- **ABOUT THIS EXERCISE**
Could you retype the whole listing word for word and drop the images?

- **DATA LISTING**

- Opening Delimiter -

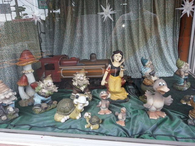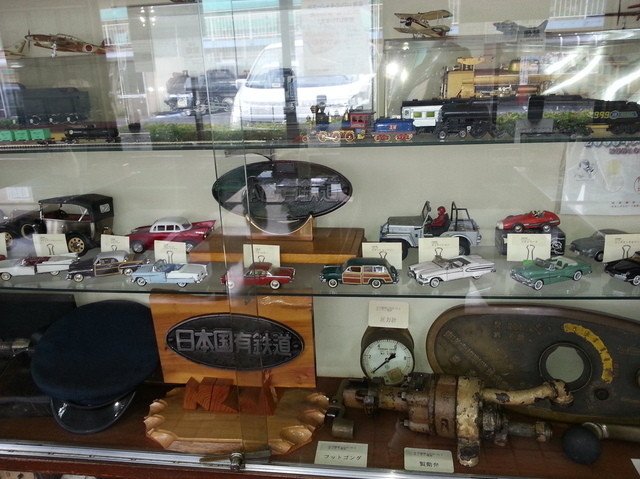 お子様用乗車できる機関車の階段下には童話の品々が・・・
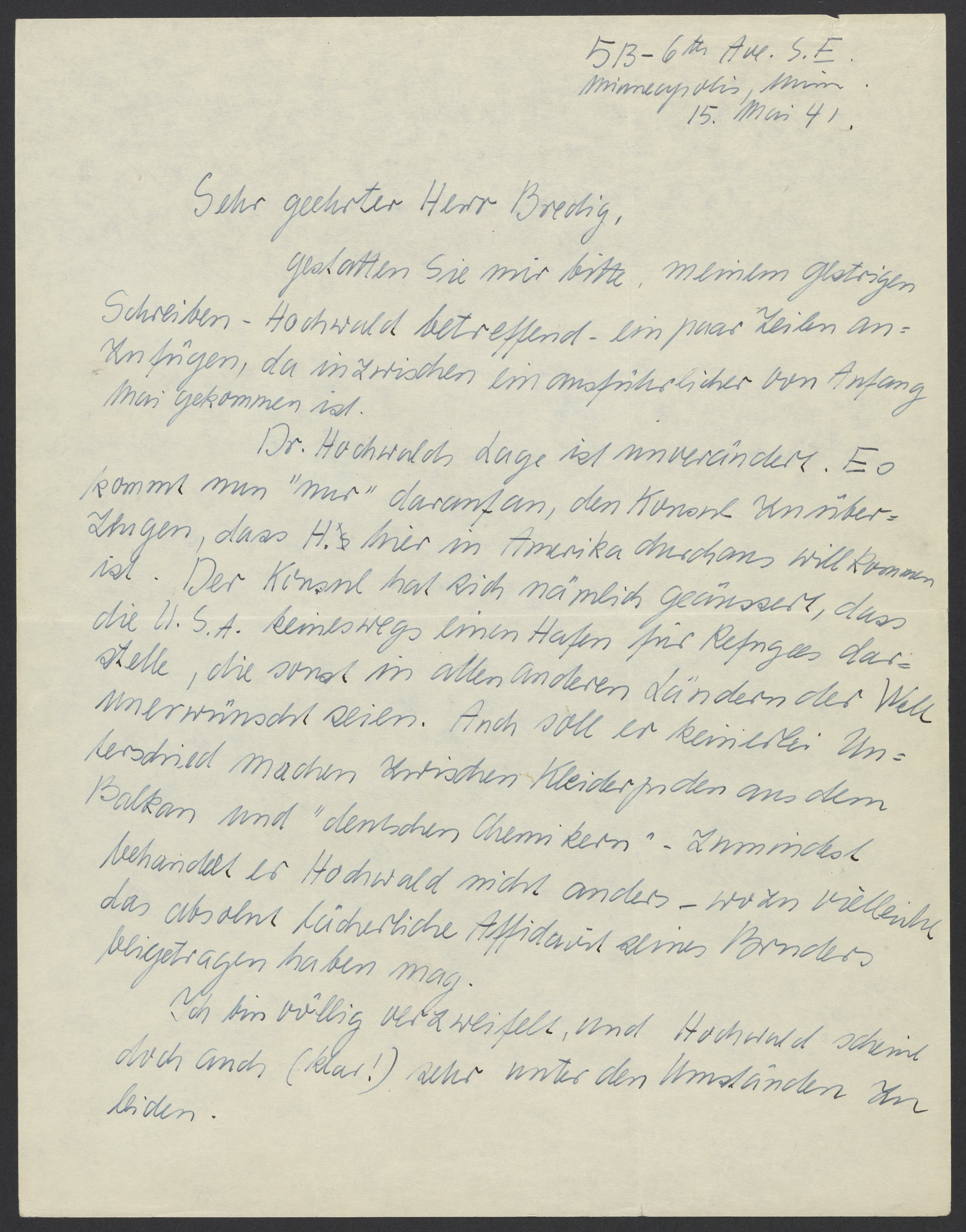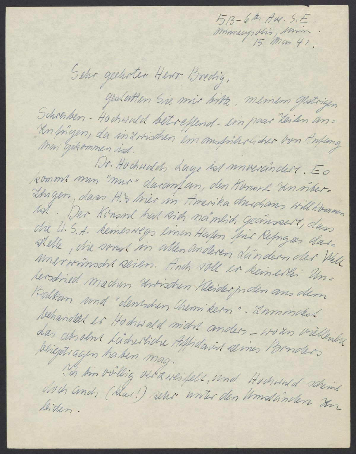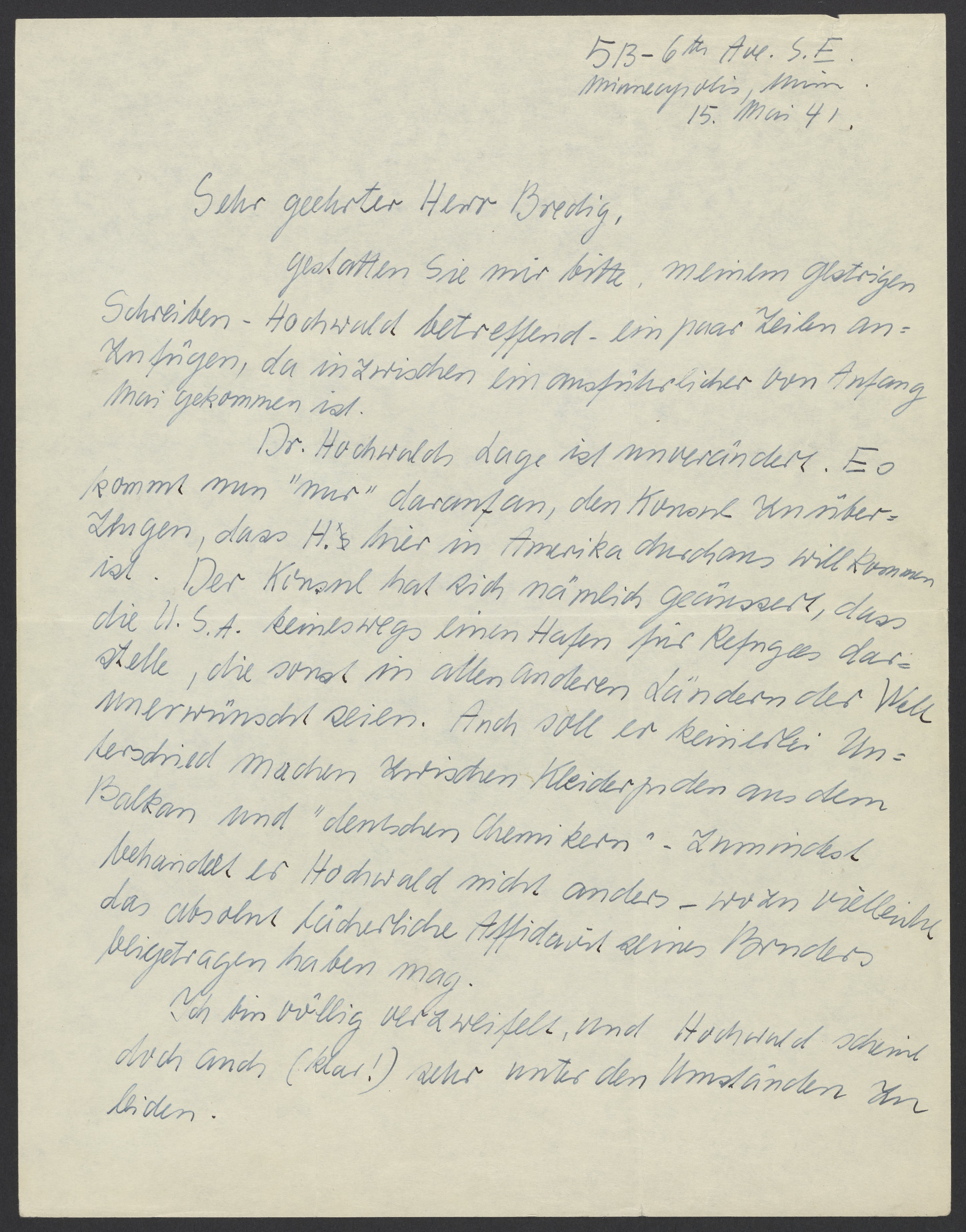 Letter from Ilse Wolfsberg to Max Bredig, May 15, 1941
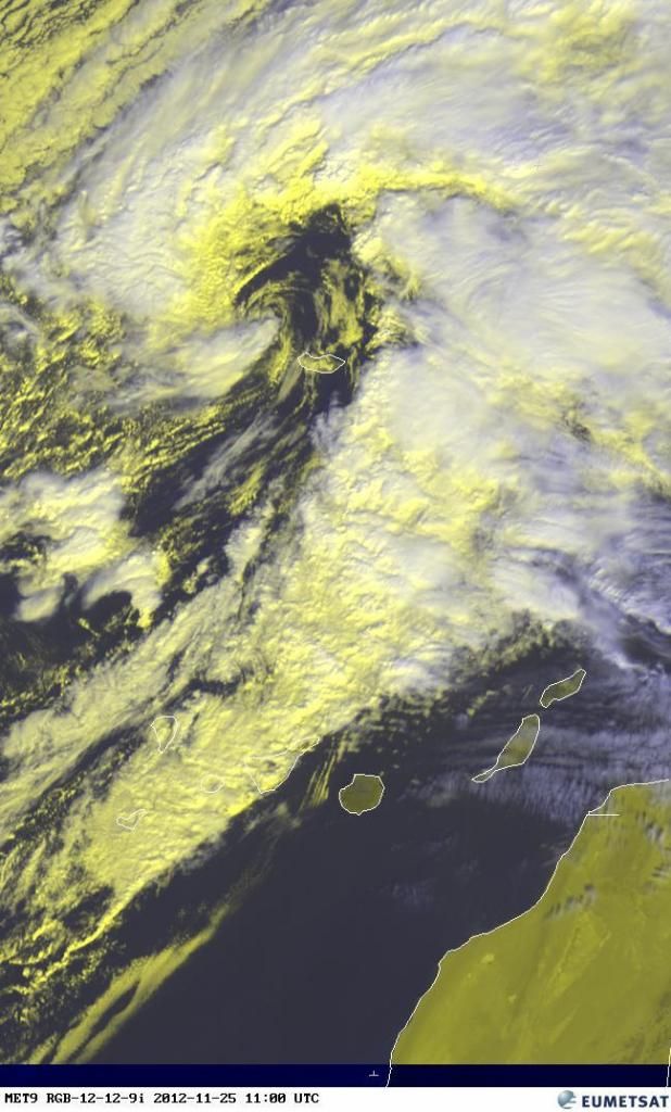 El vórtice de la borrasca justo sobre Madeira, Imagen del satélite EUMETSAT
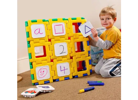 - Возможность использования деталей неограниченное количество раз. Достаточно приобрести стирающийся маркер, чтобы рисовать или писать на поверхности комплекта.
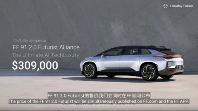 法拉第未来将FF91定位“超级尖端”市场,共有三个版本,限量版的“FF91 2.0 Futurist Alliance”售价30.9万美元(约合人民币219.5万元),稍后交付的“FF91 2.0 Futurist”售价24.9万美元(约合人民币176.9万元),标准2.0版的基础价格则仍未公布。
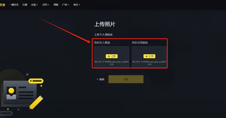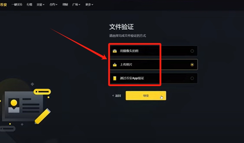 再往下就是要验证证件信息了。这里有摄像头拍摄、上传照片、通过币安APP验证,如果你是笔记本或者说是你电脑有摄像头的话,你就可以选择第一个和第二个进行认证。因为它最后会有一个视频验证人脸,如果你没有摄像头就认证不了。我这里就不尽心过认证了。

- Closing Delimiter -

- **RESPONSE AREA**
 お子様用乗車できる機関車の階段下には童話の品々が・・・
 Letter from Ilse Wolfsberg to Max Bredig, May 15, 1941
 El vórtice de la borrasca justo sobre Madeira, Imagen del satélite EUMETSAT
 - Возможность использования деталей неограниченное количество раз. Достаточно приобрести стирающийся маркер, чтобы рисовать или писать на поверхности комплекта.
 法拉第未来将FF91定位“超级尖端”市场,共有三个版本,限量版的“FF91 2.0 Futurist Alliance”售价30.9万美元(约合人民币219.5万元),稍后交付的“FF91 2.0 Futurist”售价24.9万美元(约合人民币176.9万元),标准2.0版的基础价格则仍未公布。
 再往下就是要验证证件信息了。这里有摄像头拍摄、上传照片、通过币安APP验证,如果你是笔记本或者说是你电脑有摄像头的话,你就可以选择第一个和第二个进行认证。因为它最后会有一个视频验证人脸,如果你没有摄像头就认证不了。我这里就不尽心过认证了。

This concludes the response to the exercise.